Saturday 26 January 2019

Side by side maps

I spend a lot of time looking at maps. I obviously use them to plan walks, but I also find them objects of beauty in their own right.

But maps can also be historical documents, and the National Library of Scotland have created an excellent resource that allows you to compare various historic and modern maps.

The detail this shows can be amazing. You can see how villages have grown over time, or how factories and railways have disappeared from the landscape.

As an example, below is a comparison of the Purfleet gunpowder stores, with an 1892-1914 Ordnance Survey map compared to the latest Google Maps view.

https://maps.nls.uk/geo/explore/side-by-side/#zoom=17&lat=51.4856&lon=0.2293&layers=168&right=BingHyb

It is still recognisably the same location. However the pier has disappeared, whilst all but the southernmost of the gunpowder store buildings having been replaced with flats. Even though much of the surrounding area has been redeveloped, the outline of the old military area can still be seen in the landscape within the loop of Centurian Way.

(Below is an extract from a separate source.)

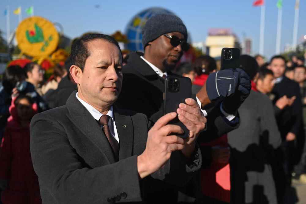 来自尼泊尔的客商(左)在义乌国际商贸城观看开市仪式的舞龙表演(2025年2月9日摄)。新华社记者 黄宗治 摄

Or this one of the centre of Derby, where virtually nothing remains the same. The canal and basin and many streets of houses have disappeared, replaced with roads, shops and the massive Westfield shopping centre. Only a few streets have remained the same, and one of those, Morledge, has been radically reduced in size. Not even the street layout has been respected.

https://maps.nls.uk/geo/explore/side-by-side/#zoom=17&lat=52.9210&lon=-1.4718&layers=168&right=BingHyb
This website has proven to be an invaluable resource for me, and one that is an utter time sink: I spend far too long just scrolling through the landscape, seeing how areas have changed.